The real danger is, surprisingly, people like James Dobson.  Big-wigs like Dobson have political power, influence, loads of money, and probably most importantly, spiritual and emotional sway.

Rudy Giuliani will not split the GOP.  But James Dobson might.

Josiah Schmidt

One Response to “Will James Dobson Split the GOP?”

  1. Pauli Says:

    I make the point in comments here that it’s really the other guys splitting the GOP more so than Rudy.

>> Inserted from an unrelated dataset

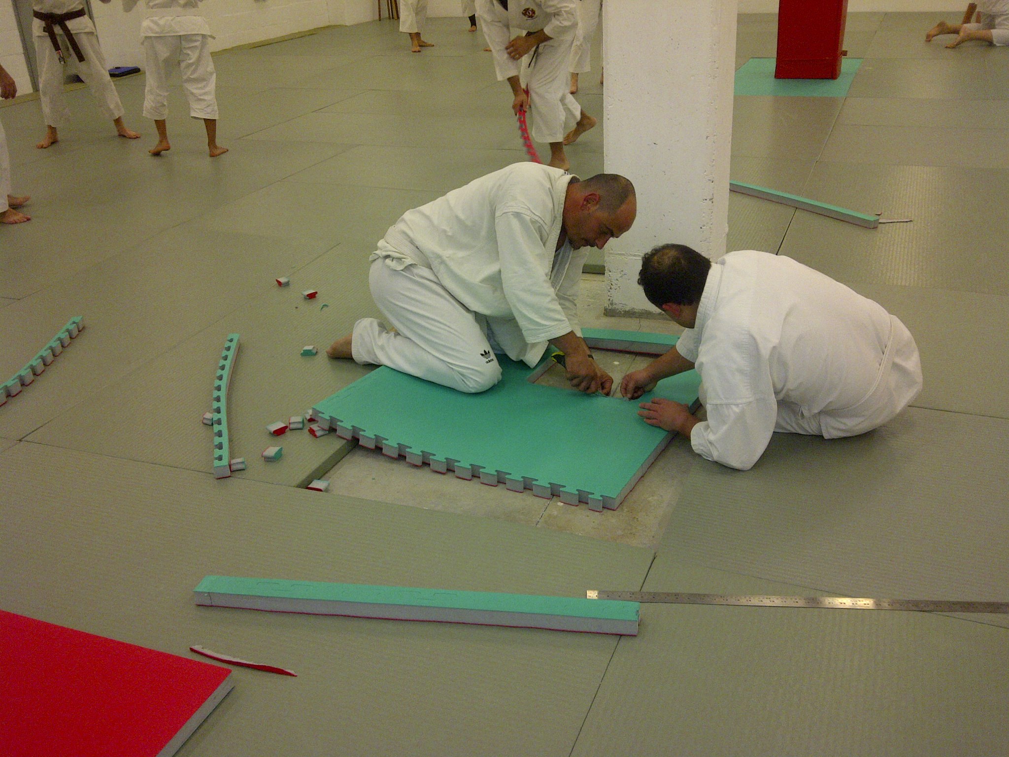 - Completamos el tatami, de forma que ahora ocupa todo el suelo. Para ello, además de colocar planchas que nos ha facilitado el PMD, hemos tenido que adquirir y recortar piezas específicas para completar espacios alrededor de los pilares y en los bordes. Aprovechamos la ocasión para levantar todo el tatami, limpiar a fondo y recolocarlo de la mejor manera posible.

For example, if McCain would just finally quit and endorse Fred Thompson it would tip the scales considerably, as would the departure of other “vanity” candidates such as the increasingly embarrassing Sam Brownback, Tommy Thompson and Duncan Hunter (who is a good enough guy, but has no campaign.)

    But someone pointed out that, yeah, they need to quit, but they probably won’t. OK — so socons shouldn’t blame Rudy, call him arrogant or grouse about his success until they’ve asked themselves the question “What the hell are these other folks doing?”